Garfield County wants to get roads in order
Glenwood Springs Post Independent
GLENWOOD SPRINGS — Garfield County is concerned that it does not have adequate documentation for its ownership of thousands of miles of roads stretching into every nook and cranny of the county’s roughly 1.9 million acres.
To correct that oversight, the commissioners informally have authorized County Attorney Frank Hutfless to hire someone to conduct research into the records of Garfield County, the State of Colorado and the federal government to determine the precise ownership status of roads, easements, rights of way and whatever other categories of ownership that might be relevant to who owns what in terms of the roads.
The new position, to be overseen by Hutfless, probably would pay “anywhere from about $60,000 to $80,000,” predicted John Martin, chairman of the Board of County Commissioners.
“I’ve been working on it for at least five years now,” said Martin, referring to what is known as the RS2477 debate.
In its Mining Law of 1866, the U.S. Congress enacted Revised Statute 2477 (now commonly called RS2477) granting counties and states various rights of way across federally owned lands as a way of encouraging the settlement of the West.
In 1976, Congress repealed RS2477 and in its place erected the Federal Land Policy and Management Act but allowed that any valid RS2477 claims already existing at that time would remain valid.
In recent years, however, the issue has become the subject of bitter online debates and diatribes, as well as sparking partisan fact-finding efforts from factions who either wanted the roads to be in federal hands, or who were determined to impose more local controls, if not privatization, on as many roads as possible.
The issue came sharply into focus in Garfield County, Martin said, when federal land managers recently went to work on various travel-management planning documents aimed at creating an inventory of road ownership, in preparation for closing some roads to public vehicular access.
Garfield County has objected in some cases, maintaining that the Bureau of Land Management and the U.S. Forest Service were trying to lay claim to roads that Martin says actually belong to Garfield County.
“You’ve got to show ownership” in disputes such as this, said Martin, noting that while federal and state legislation going back to 1866 has given the county control over most roads within its jurisdiction, the records are not always clear.

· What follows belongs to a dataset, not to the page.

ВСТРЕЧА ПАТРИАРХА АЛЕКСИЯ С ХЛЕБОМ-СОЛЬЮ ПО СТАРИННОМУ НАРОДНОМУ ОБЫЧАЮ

So the county is getting set to fill a position that Martin said will be “more or less like a ‘land man,’ to do the research.” A “land man,” in oil and gas industry parlance, also conducts research into public records but mainly in order to determine the current ownership and availability of mineral rights for possible oil and gas extraction.
“This should have been done a hundred years ago, but it wasn’t,” Martin said, explaining that travel-management plans listed at least 14 roads as federally owned when Garfield County believed the roads existed before the creation of the BLM and the USFS.

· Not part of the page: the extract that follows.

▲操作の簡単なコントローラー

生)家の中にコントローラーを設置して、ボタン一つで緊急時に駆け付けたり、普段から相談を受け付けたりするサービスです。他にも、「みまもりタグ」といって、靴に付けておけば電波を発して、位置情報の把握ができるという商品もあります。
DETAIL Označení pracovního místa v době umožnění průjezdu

“All those road existed,” Martin said. “We just have to show they existed. The whole program would have eliminated going to court (with federal agencies).”
He estimated that the effort “could take five or six years” and involve collaboration with other local officials, such as the clerk and recorder’s office, the county surveyor, the county assessor and others, as well as with federal land-management officials.
Martin said the program is due for finalization by formal resolution soon — “I would say, maybe, two weeks.”
For the next few weeks, the Bureau of Land Management is asking for public comment regarding its decision to evaluate its oil and gas program and other management decisions across the state to promote the conservation of big game habitat.